Our relationship with the environment in the world is complex, and as such, eco-friendly, crunchy, hippies, whatever you want to call them, can come in all shapes and sizes. Perhaps the one thing that most of them have in common is that they are frowned upon by many other people, and quite often labelled obsessive. One could talk about hunters, vegans, people interested in aquaponics or organic farming, anti-GMO campaigners, wildlife conservationists, no-plastic people, recycling enthusiasts or people who try to live a zero-waste lifestyle, amongst others. Perhaps the best understood people are the recyclers, as kerbside recycling containers and now the norm in many countries worldwide. However, the fact that we don’t know what to put in the containers, that not everything we try to recycle is actually recyclable, and that everything today is vastly overpackaged makes certain people who delve into the world of recycling go a bit over the top in the eyes of many people.
There are many inspiring zero-waste blogs out there, which are hopefully encouraging other people to go greener, if not waste-free altogether.
Here are some so-easy-to-do-you’ve-got-no-excuse-not-to things you can do to generate less waste:
-Carry your own reusable bags instead of buying plastic bags.

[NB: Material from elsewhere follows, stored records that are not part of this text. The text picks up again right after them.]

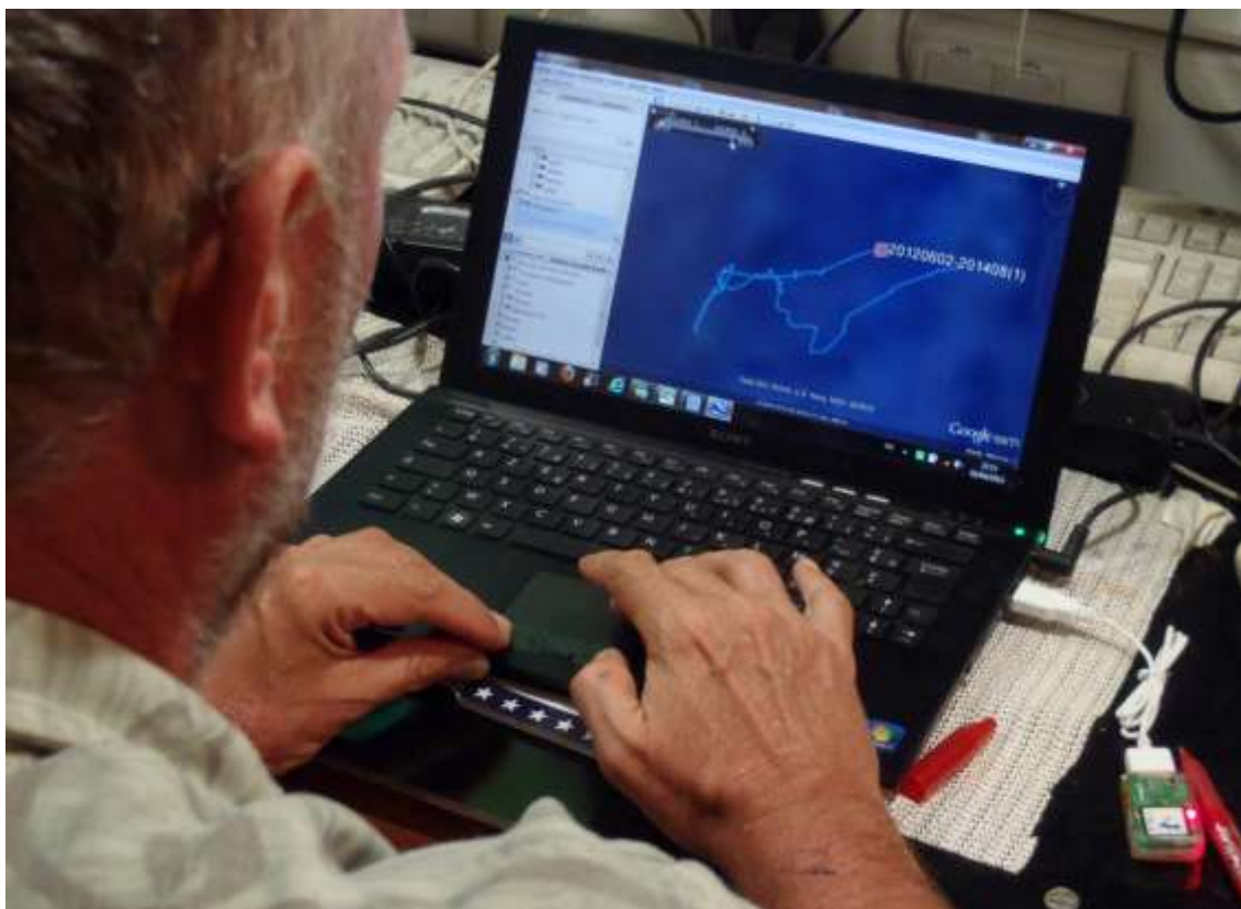
Les données GPS révèlent le trajet réalisé par un fou à pieds rouges, l'un des sept individus récupérés sur l'île Longue aujourd'hui.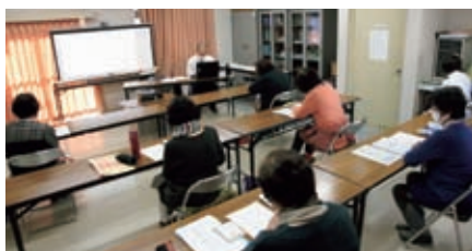
介護相談員研修会 11月30日(月) シルバー本部 7名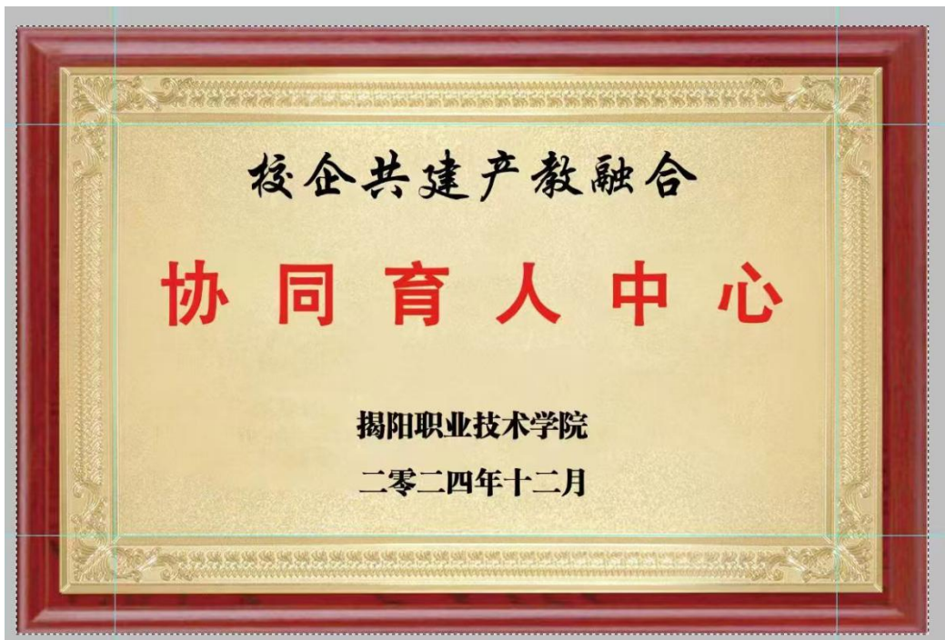
图 4 校企共建产教融合协同育人中心挂牌（2024.12）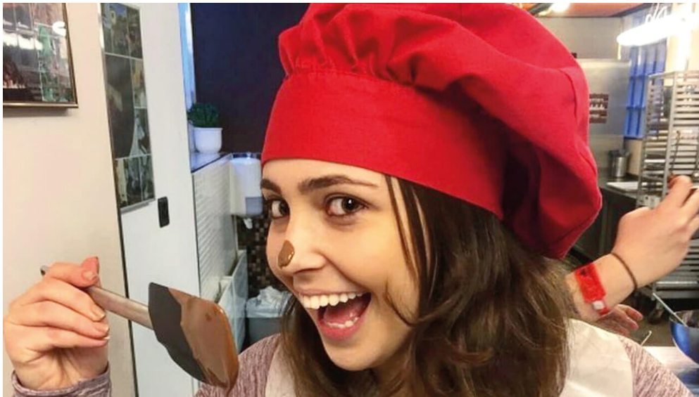
Funky Chocolate Club

Montag, 26.02.2024, 10:00 - 19:00 Uhr Mittwoch, 28.02.2024, 12:00 - 19:00 Uhr Donnerstag, 29.02.2024, 12:00 - 19:00 Uhr Freitag, 01.03.2024, 12:00 - 21:00 Uhr Samstag, 02.03.2024, 12:00 - 21:00 Uhr Sonntag, 03.03.2024, 12:00 - 19:00 Uhr Montag, 04.03.2024, 10:00 - 19:00 Uhr Mittwoch, 06.03.2024, 12:00 - 19:00 Uhr Donnerstag, 07.03.2024, 12:00 - 19:00 Uhr Freitag, 08.03.2024, 12:00 - 21:00 Uhr Samstag, 09.03.2024, 12:00 - 21:00 Uhr Sonntag, 10.03.2024, 12:00 - 19:00 Uhr Montag, 11.03.2024, 10:00 - 19:00 Uhr Mittwoch, 13.03.2024, 12:00 - 19:00 Uhr Donnerstag, 14.03.2024, 12:00 - 19:00 Uhr Freitag, 15.03.2024, 12:00 - 21:00 Uhr Samstag, 16.03.2024, 12:00 - 21:00 Uhr Sonntag, 17.03.2024, 12:00 - 19:00 Uhr Montag, 18.03.2024, 10:00 - 19:00 Uhr Mittwoch, 20.03.2024, 12:00 - 19:00 Uhr [...]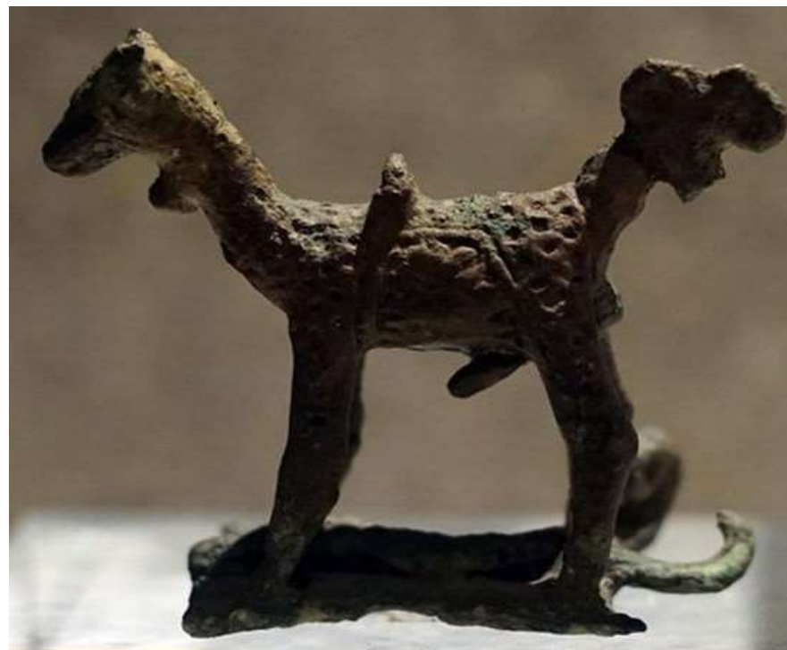
Bảo vật Quốc gia “Tượng thú”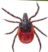
La tique adulte femelle (mord).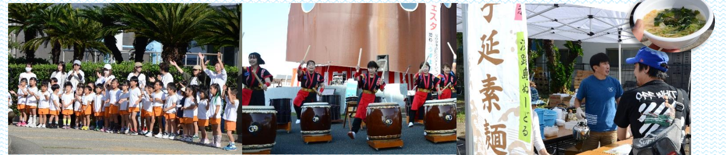
福良こども園園児による演技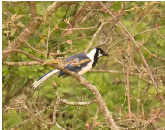
Plumbeous-backed Thrush en White-tailed Jay, Casupe Road

Dit is de plek waar nog een kleine populatie van de ernstig bedreigde White-winged Guan zit maar we komen ze helaas niet tegen. Verderop langs de weg zien we wel een reeks andere soorten en we vermaken ons met Rufous-necked Foliage-gleaner, Elegant Crescentchest, Three-banded en Grey-and-gold Warbler, Chapman's Antshrike en Black-capped Sparrow.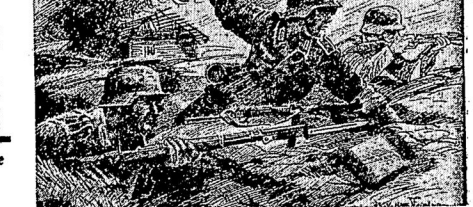
„Daran sehe Leib und Blut, Kraft, Macht, Gewalt und Gut, Dein Vaterland zu retten.“

-Use a reusable water bottle. If you’re worried about the quality of your water, you can buy a filtering jug or some charcoal.

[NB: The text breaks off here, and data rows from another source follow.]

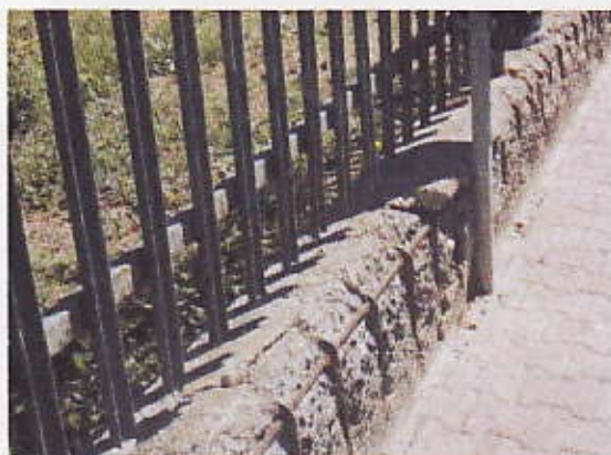
Figura 2 - Muro Uffici Comunali viale Eroi di Malta

Le ringhiere in ferro del muro di confine presentano inoltre fenomeni di formazione di ruggine.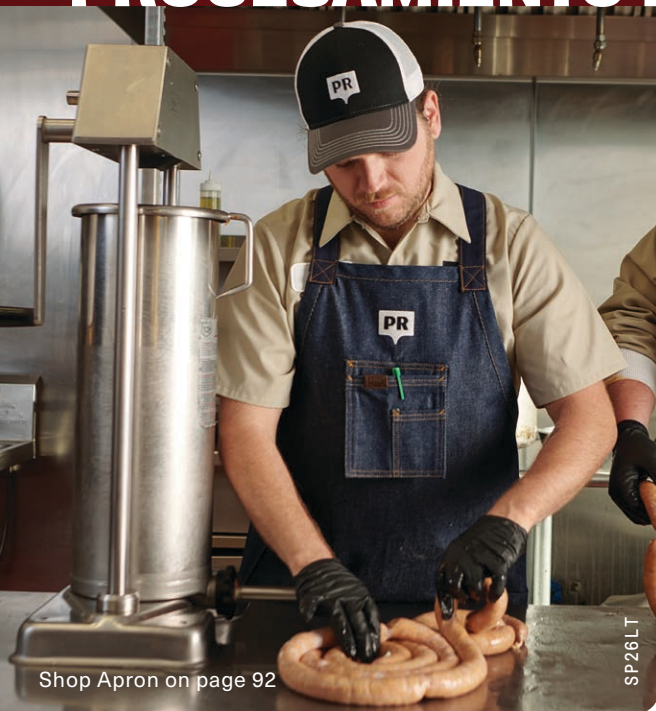
Shop Apron on page 92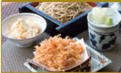
桜海老の揚げそば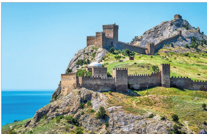
■ Генуэзская крепость в Судакe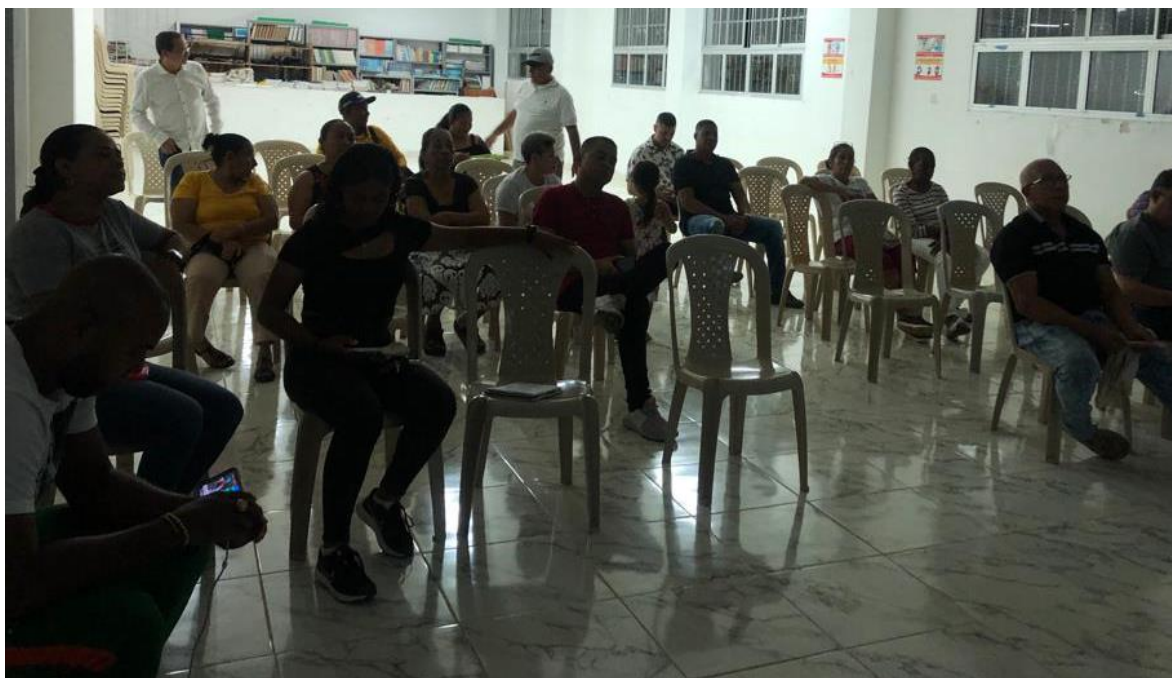
3.1.19. Corregimiento Puerto Girón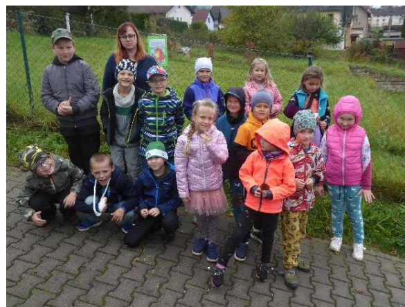
Děti ze ZŠ – 1. B třída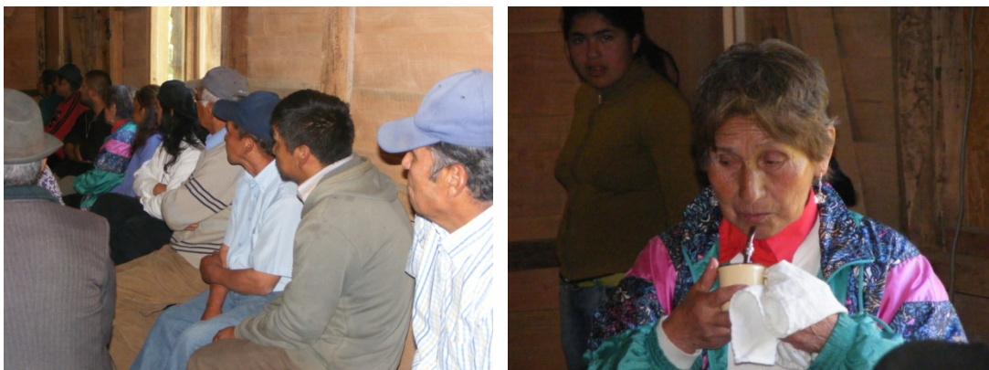
Foto 13 (izquierda) y 14 (derecha): Secuencia de fotografías de la exhibición del documental en las comunidades de Lago Neltume. Fuente: Felipe Hasen. 2010

-Buy larger containers when possible.
-Use either refillable containers or solid shampoo, or even no poo or water only.
As you see, these things are really easy to do. Then there are other things that you can do which do take a bit of extra effort, and involve a fair bit of DIY or maybe extra washing, but which I imagine are well worth it (not the voice of experience, sorry!):
-Make your own cleaning stuff (Check out David Suzuki’s Queen of Green’s Cleaning Recipes and her playlist on the David Suzuki Youtube channel). Or just use soapnuts. This way you can also make sure you know what you’re breathing in.

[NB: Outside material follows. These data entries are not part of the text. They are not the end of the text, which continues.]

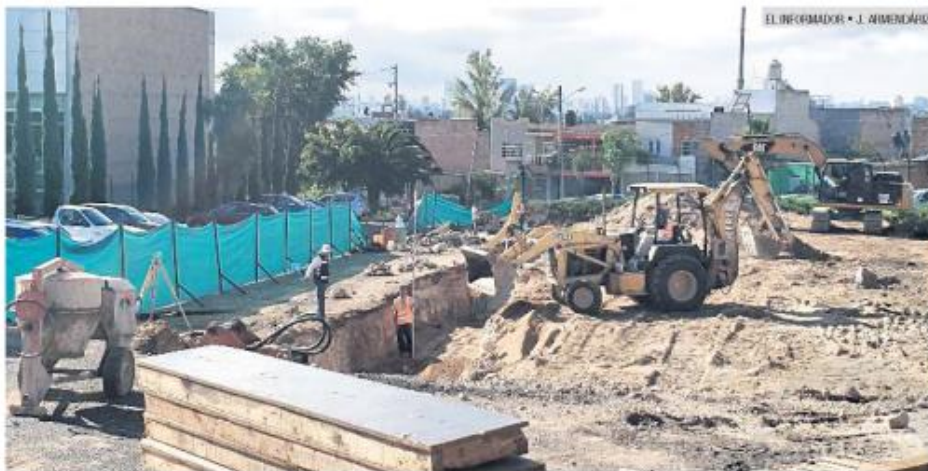
PREDIO. Los vecinos afirman que no fueron consultados para realizar la obra.

"Nunca se nos tomó en cuenta cuando empezaron estas obras. Hasta después supi-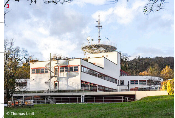
ORF Landesstudio Burgenland - Funkhaus Eisenstadt 3 Gustav Peichl, 1979-82 Buchgraben 51, 7000 Eisenstadt

Im Jahr 1959 wurde das erste, maßgeblich vom Bildhauer Karl Prantl initiierte, Bildhauer-Symposium im Steinbruch St. Margarethen abgehalten, das sich über die Jahre zu einem Fixpunkt im österreichischen Kulturgeschehen – für die Künstler aus dem ehemaligen Ostblock zum einem Symbol für künstlerische Freiheit über System und Ländergrenzen entwickelte. 1965-67 wurde nach den Plänen von Architekt Johann Georg Gsteu in der archaischen Landschaft für die Teilnehmer eine adäquate Unterkunft, das Bildhauerhaus, geschaffen. Dabei wurde eine ehemalige Kantine der Steinbruch-Arbeiter grundlegend umgebaut: mächtige Betonrippen ruhen heute als Dachkonstruktion auf den großteils erhaltenen Natursteinmauern, eine beinahe schon klösterliche Atmosphäre durchzieht das mit 1967 mit dem Bauherrenpreis ausgezeichnete Bildhauerhaus. Es gilt heute als Ikone der österreichischen Architektur nach 1945 und bildet gemeinsam mit den in der Umgebung liegenden Betriebsgebäude der Firma Hummel von Karl Schwanzler und den beiden Häusern von Roland Rainer – sein eigenes Sommerhaus sowie das Haus Gruber – ein einzigartiges Ensemble der österreichischer Nachkriegsmoderne, der differenzierten Auseinandersetzung mit dem Bauen in der freien Landschaft.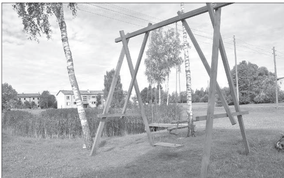
На качелях дети катаются редко, потому что в Кепове их совсем мало.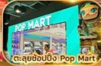
ตะลุยช้อปปิ้ง Pop Mart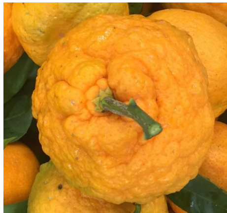
شکل ۳- تأثیر مصرف زیادی پتاسیم در سنگ‌پایی شدن میوه (اسدی کنگرشاهی، ۱۴۳۹۸) Fig 3- The effect of high application of potassium on peel thickness of citrus fruit (Asadi Kangarshahi, 2019)

جدول ۲- دامنه مطلوب پتاسیم (درصد) در برگ برخی ارقام مختلف مرکبات (شاخه‌های انتهایی میوه‌دار)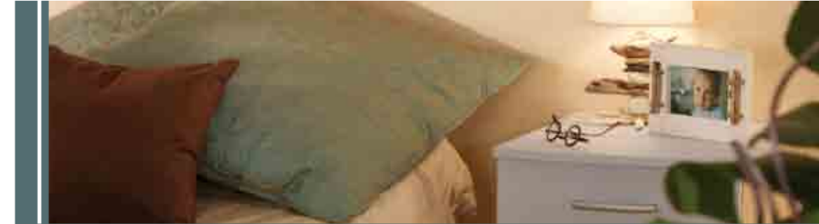
Koati, la simplicité & l'efficacité...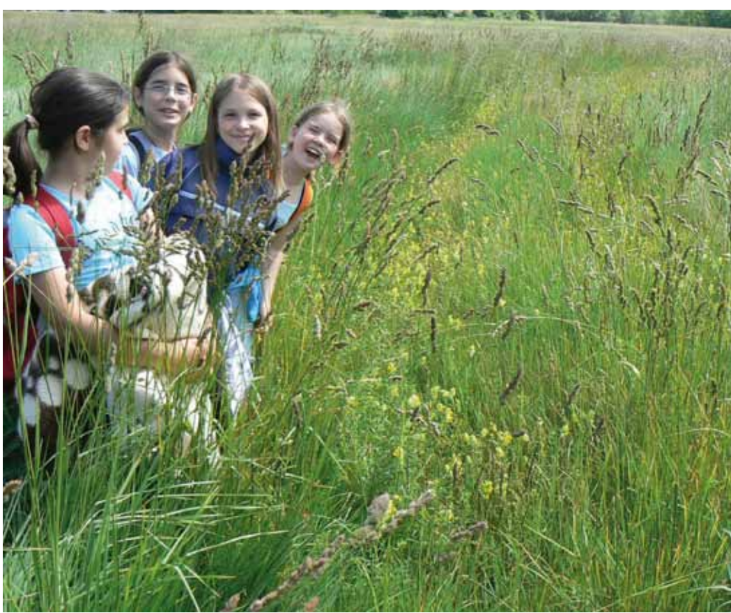
R5-4 | Lányok a Molnár-rét kakascímeres útján

-Use cloth. I talked about People Towels, but you can also have cloth toilet paper, kitchen unpaper towels, even just use cloth serviettes, cloth handkerchiefs, cloth nappies. Some of this sounds a bit extreme, but many people swear by the softness of family cloth (instead of toilet paper).
-Most toiletries have eco-friendlier versions: you can get compostable ear sticks made out of paper and cotton, as well as reusable cloth make-up rounds to use instead of cotton rounds), bamboo toothbrushes and some stranger alternatives such as chew sticks, natural or even homemade toothpaste, unpackaged alum sticks to use as deodorant – if you need it, that is. If you’re blessed with Aunt Flow’s monthly visit you can also get organic or reusable menstrual products.
Last but not least, there’s the issue of the food, which is almost certainly the hardest to tackle. In some places, for example, supermarkets won’t let you take a single vegetable or fruit without putting it in a plastic bag for ‘health and safety reasons’. And of course you have to use a disposable plastic glove to choose what you’re going to take. I wonder if that means we can eat them without washing them… Anyway, I’m guessing if you go to a traditional grocer’s they’ll let you take your own bag. Great for vegetarians, but it’s even harder for meat-eaters, with all this meat packaged in polystyrene trays. If they let you, you have the option of waxed paper (with real wax, as opposed to the plastic-lined paper which you can get, even if some kinds allow you to peel off the plastic and recycle the paper!), or maybe a lunch box. Never tried this myself though.
What’s really making it hard for us, though, are the businesses. And this is where I wonder if it’s actually taking off. With zero-waste shops either existing or opening in Berlin, Vic, Capannori, Vienna, London (assuming it will actually make a comeback), Nantes, Austin or Denver there is still hope.